New Oleoyl Hybrids of Natural Antioxidants: Synthesis and In Vitro Evaluation as Inducers of Apoptosis in Colorectal Cancer Cells
Gabriele Carullo,
Sarah Mazzotta,
Adrian Koch,
Kristin M. Hartmann,
Oliver Friedrich,
Daniel F. Gilbert,
Margarita Vega-Holm,
Regine Schneider-Stock,
Francesca Aiello
Affiliations
Gabriele Carullo
Department of Biotechnology, Chemistry and Pharmacy, Department of Excellence 2018-2022, University of Siena, Via Aldo Moro 2, 53100 Siena, Italy
Sarah Mazzotta
Department of Pharmacy, Health and Nutritional Sciences, Department of Excellence 2018-2022, University of Calabria, Edificio Polifunzionale, 87036 Rende (CS), Italy
Adrian Koch
Institiute of Pathology, University Hospital, Friedrich-Alexander University Erlangen-Nürnberg Universitätsstr. 22, 91054 Erlangen, Germany
Kristin M. Hartmann
Institute of Medical Biotechnology Friedrich-Alexander-University Erlangen-Nürnberg, Paul-Gordan-Str. 3, 91052 Erlangen, Germany
Oliver Friedrich
Institute of Medical Biotechnology Friedrich-Alexander-University Erlangen-Nürnberg, Paul-Gordan-Str. 3, 91052 Erlangen, Germany
Daniel F. Gilbert
Institute of Medical Biotechnology Friedrich-Alexander-University Erlangen-Nürnberg, Paul-Gordan-Str. 3, 91052 Erlangen, Germany
Margarita Vega-Holm
Department of Organic and Medicinal Chemistry, Faculty of Pharmacy, University of Seville, Profesor García González 2, 41071 Seville, Spain
Regine Schneider-Stock
Institiute of Pathology, University Hospital, Friedrich-Alexander University Erlangen-Nürnberg Universitätsstr. 22, 91054 Erlangen, Germany
Francesca Aiello
Department of Pharmacy, Health and Nutritional Sciences, Department of Excellence 2018-2022, University of Calabria, Edificio Polifunzionale, 87036 Rende (CS), Italy
Nowadays, the beneficial role of a healthy lifestyle, particularly emphasizing the quality of foods and cancer management, is accepted worldwide.
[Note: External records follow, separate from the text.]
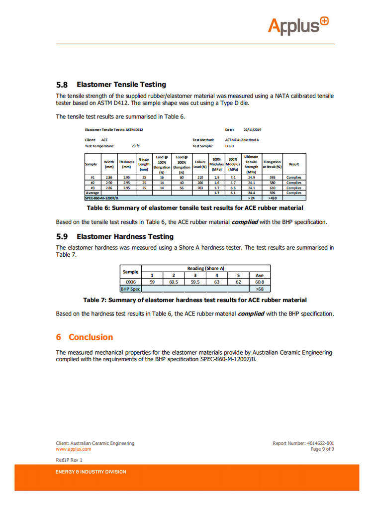 應澳大利亞必和必拓鐵礦公司要求,澳大利亞國際測試機構協會對湖南精城特種陶瓷有限公司生產的橡膠拉伸強度和硬度進形測試,該測試基于ASTM D412標準。經測試,精城特瓷的橡膠性能完全符合甚至超過必和必拓鐵礦公司對耐磨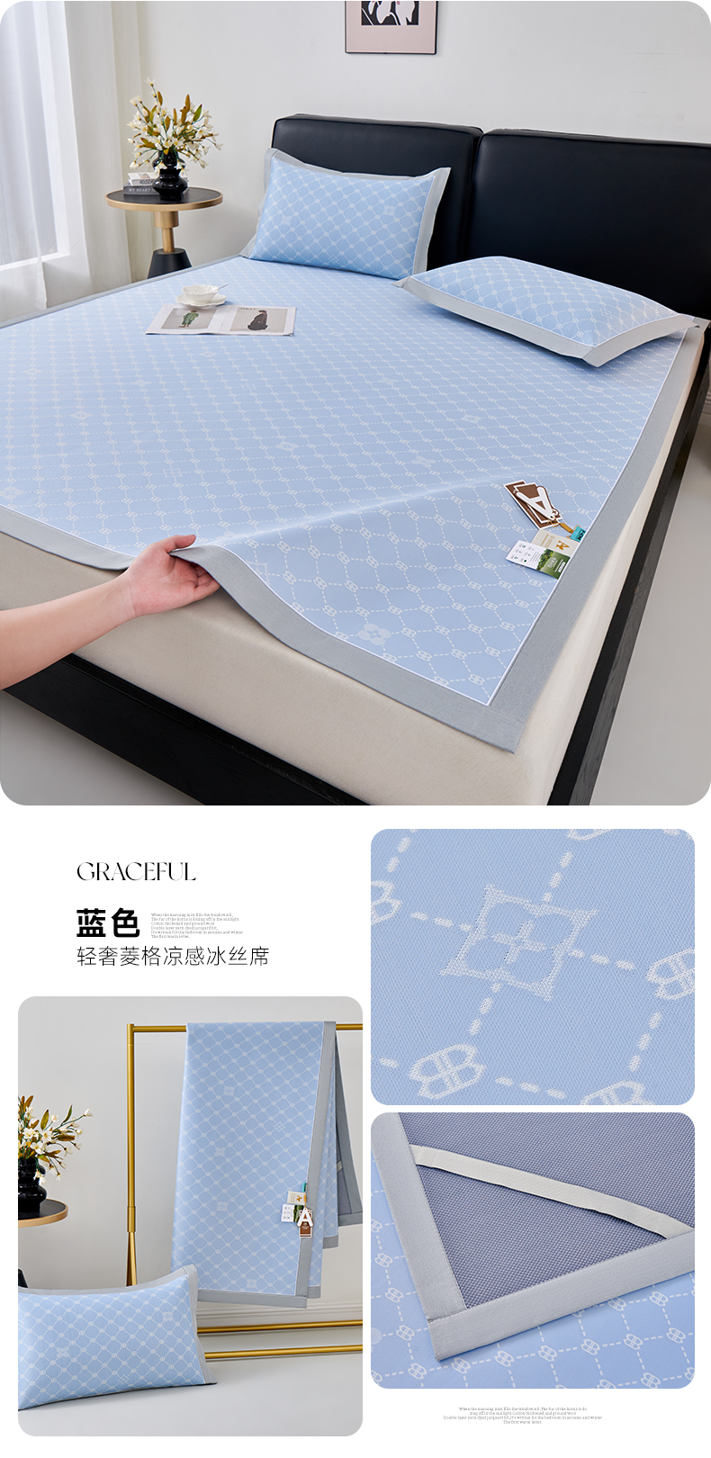 (总)2023新款超精密冰丝席-小斜纹系列-床笠款藤席凉席竹席,粉色,蓝色,绿色,银灰
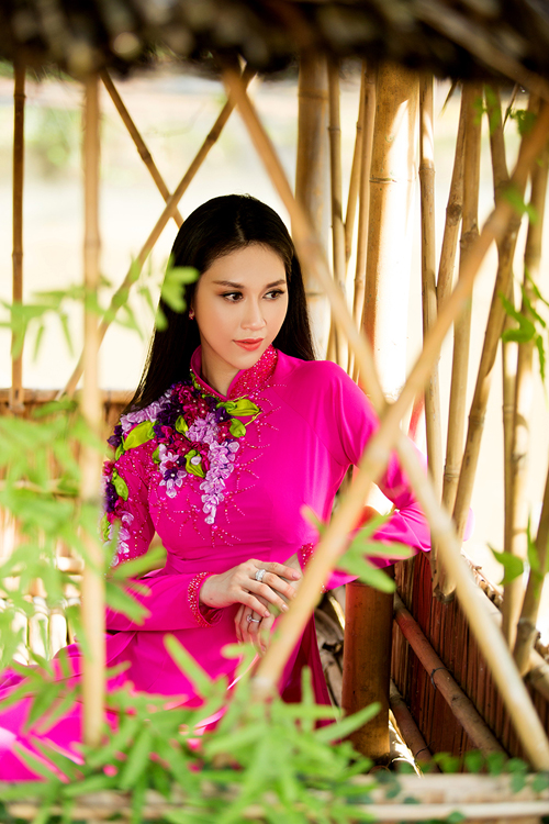 Thu Vũ khoe dáng với áo dài lụa đính hoa ruy băng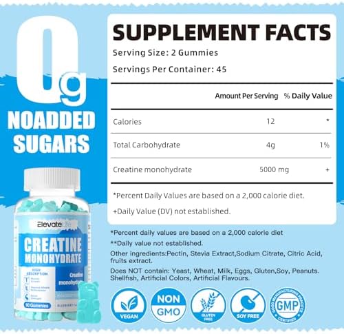 [Vegan, Gelatin Free, Sugar free]: Each bottle contains 90 count vegan, non-GMO & gluten-free, sugar free creatine monohydrate gummies. Super delicious.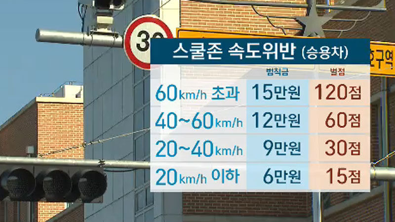 첫 번째 예시로 스쿨존에서의 차량 속도 제한이다. 스쿨존에서는 차량의 제한 속도는 30km/h이다. 그리고 스쿨존에서 속도를 위반하게 되면 교통사고처리 특례법 제3조와 제3조 11항에 의거, 2천만 원 이하의 벌금형 혹은 5년 이하의 징역형을 받게 된다. 또한, 스쿨존 내에서 차량이 충돌 혹은 추돌하여 어린이 상해 혹은 사망사고가 발생할 경우 특정범죄 가중처벌 등에 관한 법률 제5조의 13에 의거, 1년에서 15년 이하의 징역형이나 500만 원에서 3천만 원 이하의 벌금형을 부과받게 된다. 만약 어린이가 사망하게 될 경우 무기징역 혹은 3년 이상의 징역형에 처하게 된다. 스쿨존 속도위반의 경우, 아래의 그림을 참고하기 바란다.
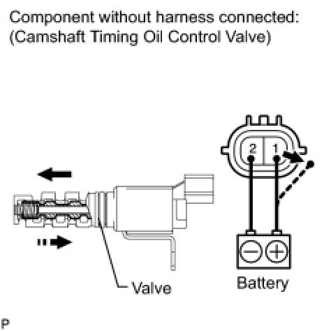 (b) Connect a battery positive (+) lead to terminal 1 and negative (-) lead to terminal 2, and check the movement of the valve.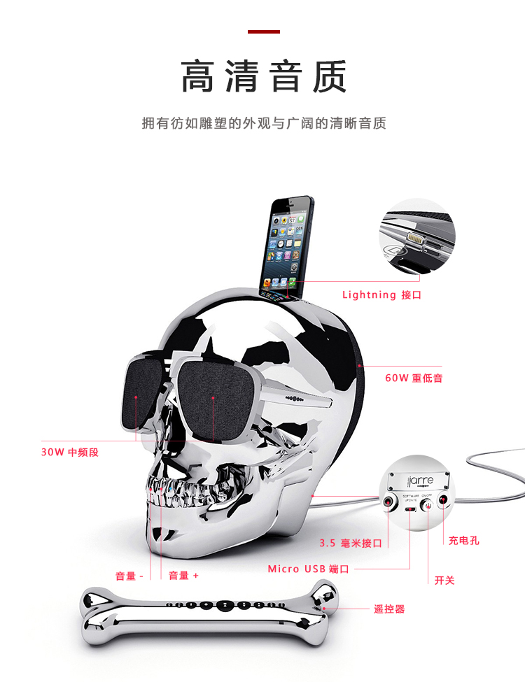 JARRE TECHNOLOGIES音频工程设计与时尚精神、时装潮流成功结合,产生了经典的AeroSkull HD+音箱。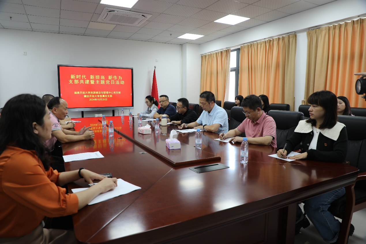为深入学习贯彻党的二十大和党的二十届三中全会精神,进一步推进支部“源自初心、资力发展”党建品牌建设,强化党支部间优势互补、双融双促作用,10月25日,资源建设与管理中心党支部组织中心全体员工前往莆田,与莆田开放大学直属党支部共同开展支部共建暨“新时代、新担当、新作为”主题党日活动。

Polyphenols and oleic acid play a key role in this context, but are still scarcely used as anti-cancer agents due to their bio-accessibility limits. Therefore, we aimed to synthesize a set of new oleoyl-hybrids of quercetin, morin, pinocembrin, and catechin to overcome the low bioavailability of polyphenols, throughout a bio-catalytic approach using pancreatic porcine lipase as a catalyst. The in vitro assays, using a wide panel of human cancer cell lines showed, mainly for two novel regioisomer oleoyl-hybrids of quercetin, a remarkable increase in apoptotic cell populations. We suggested that the DNA damage shown as ɣH2AX signals might be the major cause of apoptotic cell death. Finally, we demonstrated convincing data about two novel polyphenol-based hybrids displaying a highly selective anti-cancer cytotoxicity and being superior compared to their reference/parental compounds.